Obstruction occurs in several ways.

(1.) In the elastic tube, which may be accidentally bent at an angle or compressed. This should be looked at first. A bit is sometimes lodged by the injected current at the end of the elastic, and can be displaced by pinching it.

(2.) In the bladder, the most common obstruction is at the orifice of the evacuating tube. A little practice will enable the operator to distinguish the encouraging rattle of debris passing this tube to appear at once in the trap (if upright) from the valvular click of fragments too large to enter it. This click is quite constant at the end of the process, after the smaller chips have been sifted off. If the orifice be choked, an effort should be made to expel the fragments in the ordinary way: first raising the tube into clear water above the debris, and then compressing the bulb with a short and forcible jerk. A half dozen such efforts rarely fail; but the rod may be introduced, if necessary.

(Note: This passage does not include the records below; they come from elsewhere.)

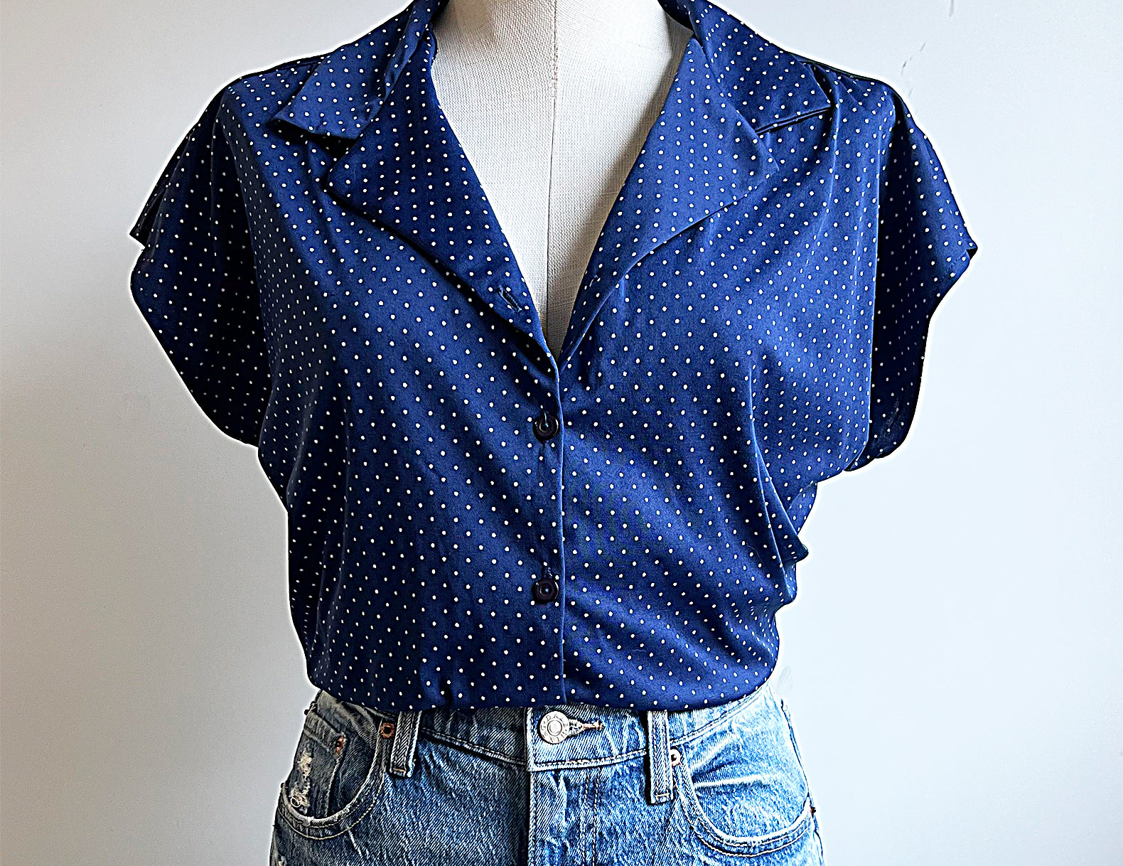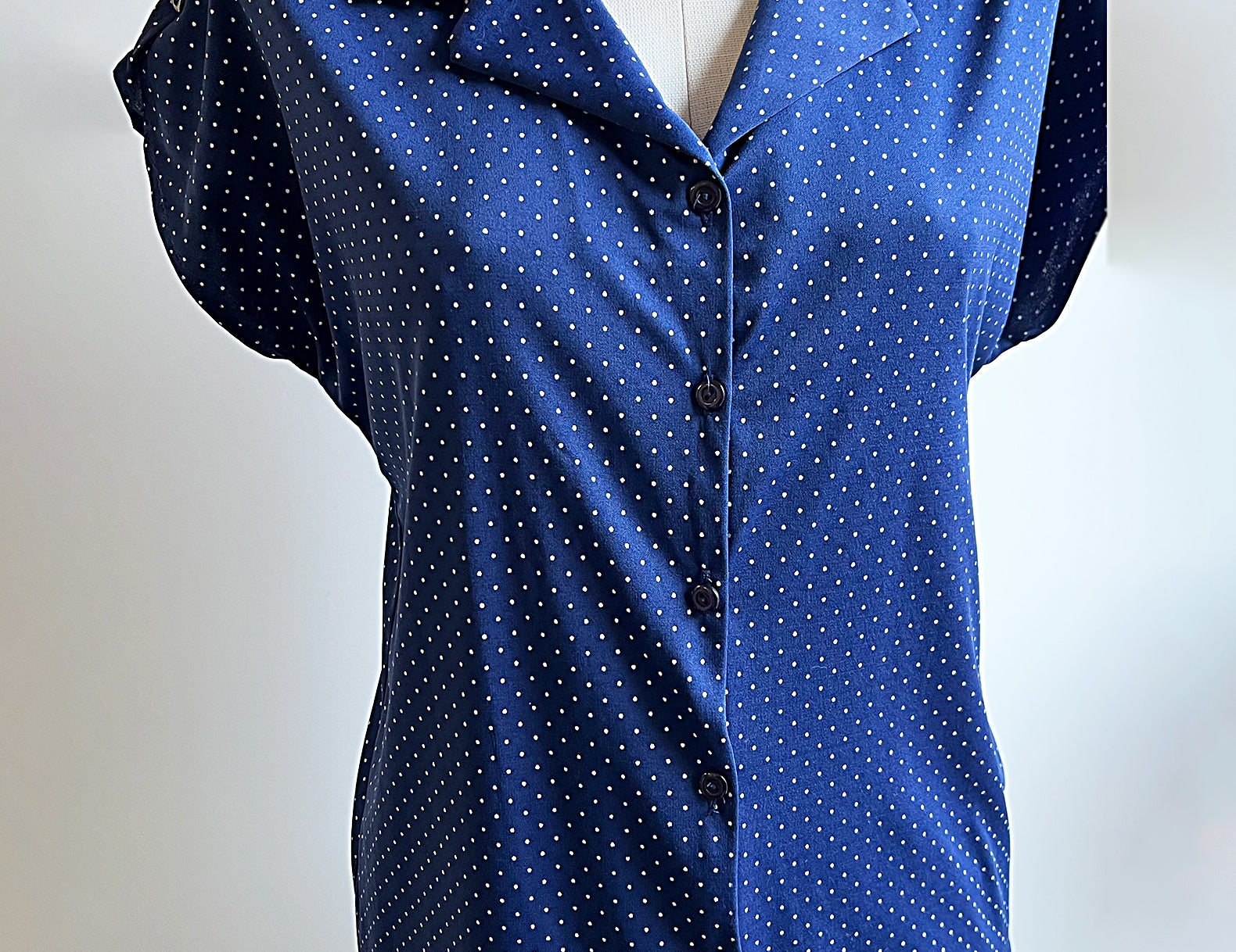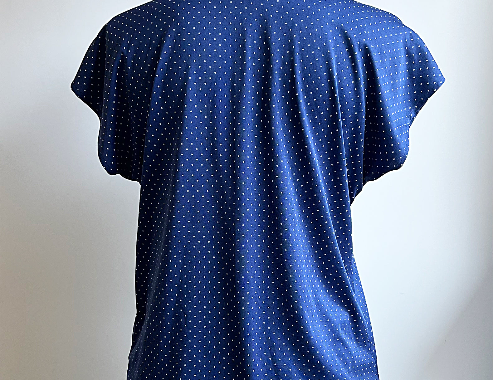 - A timeless navy polkadot blouse with a soft drape and an easy, flattering silhouette.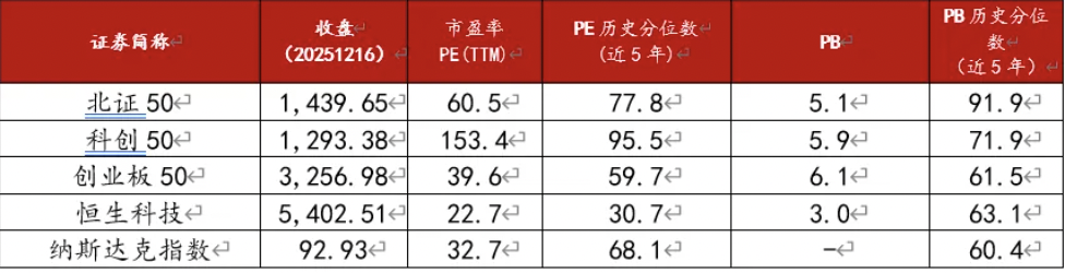 将创50与北证50、科创50等科创类指数进行比较可见,当前科创50 PE 153.4倍,是各类指数中PE最贵的,北证50其次,创50居中,亦高于纳指及恒生科技。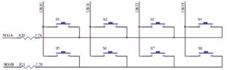 为了减少对单片机I/O口的占用,设计采用非编码式2×4矩阵键盘。键盘电路原理如图9所示,DIG0~3与SEGA、B接扩展芯片74LS373上。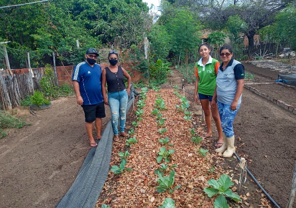 Esse projeto acontece através de uma mandala (Quintais Produtivos), plantada no nas terras da família e cuidada por ela e pelos pais dela Denisvaldo Guedes e Raimunda Pereira (Dona Raimunda).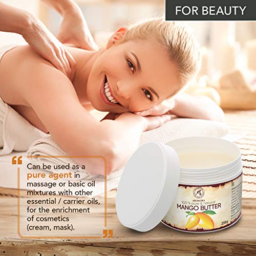 HOOGSTE KWALITEIT – De mangoboter is RIJK VITAMINE A EN E en VOEDENDE VETZUREN. Onmisbaar voor de dagelijkse haarverzorging, huidverzorging, gezichtsverzorging en lichaamsverzorging. Gebruik de mangoboter in combinatie met massagebehandelingen. De lichaamsboter is van nature dik en wordt langzamer geabsorbeerd, waardoor de crème tot diep in uw huid trekt voor de optimale verzorging. Voor anti-cellulitis behandelingen en striae. Vaak gebruikt in sectoren als wellness, SPA en beauty salons.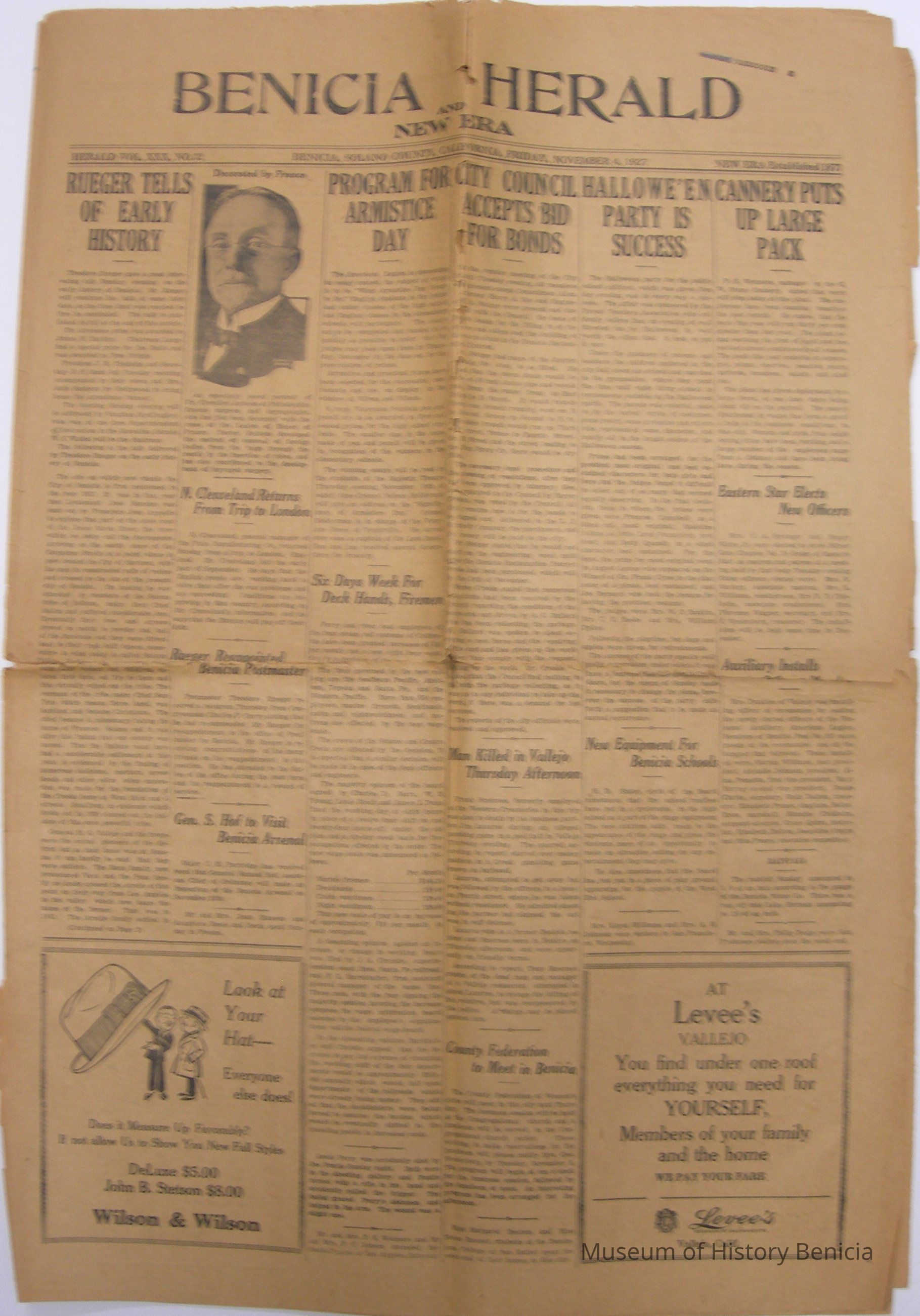 Benicia Herald Vol. XXX, No. 32, Friday, November 4, 1927. Article describes a speech Theodore Rueger gave on Benicia's early history.Collection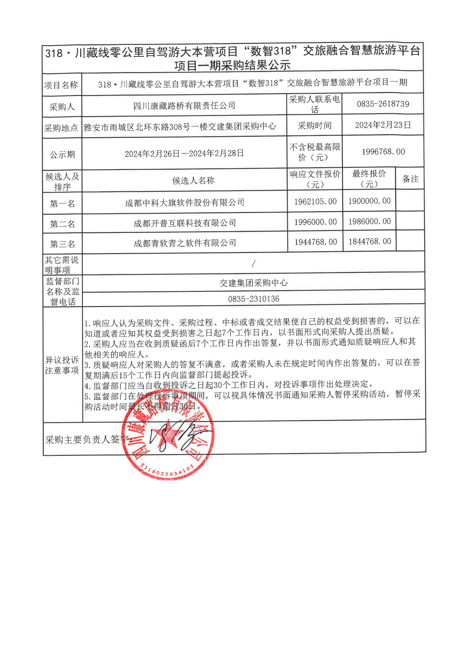 四川康藏路橋有限責任公司318·川藏公路零公里自駕游大本營項目“數(shù)智318”交旅融合智慧旅游平臺項目一期采購結果公示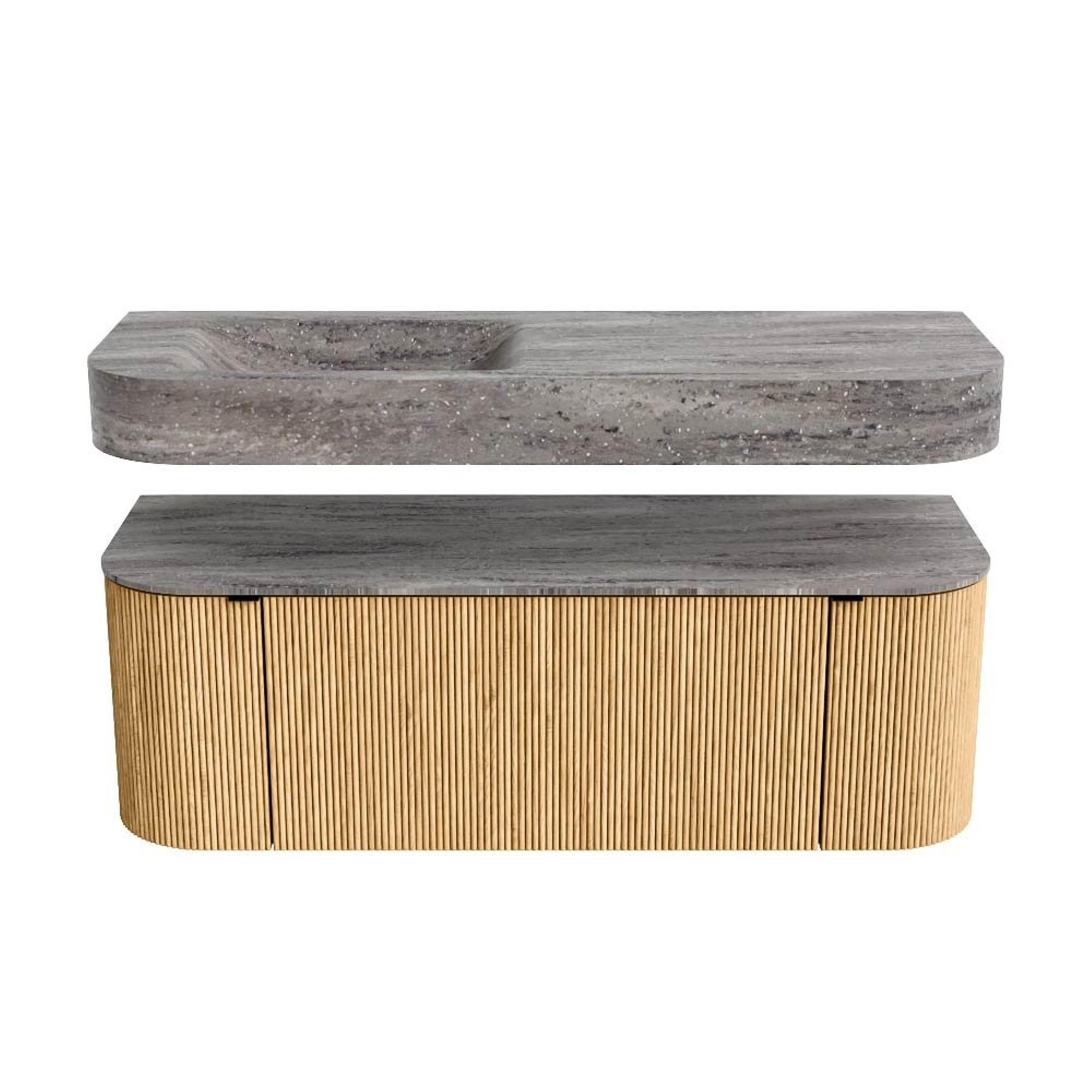 MONDIAZ THOR-DLUX 130cm badmeubel ronding links + rechts kleur Oak met 1 lade en 2 deuren. Vrijhangende wastafel CLOUD Links 1 kraangat kleur Oza.

(3.) It sometimes happens that nothing appears in the trap, although the current passes quite freely, and the click of the abundant debris is still felt. A scale or angular chip is then wedged inside the evacuating tube, which admits water, but excludes fragments. This is worth remembering. The rod

removes it.

(4.) If a fragment rattles back and forth in the evacuating tube without reaching the trap, there is obstruction high up. (See 1.)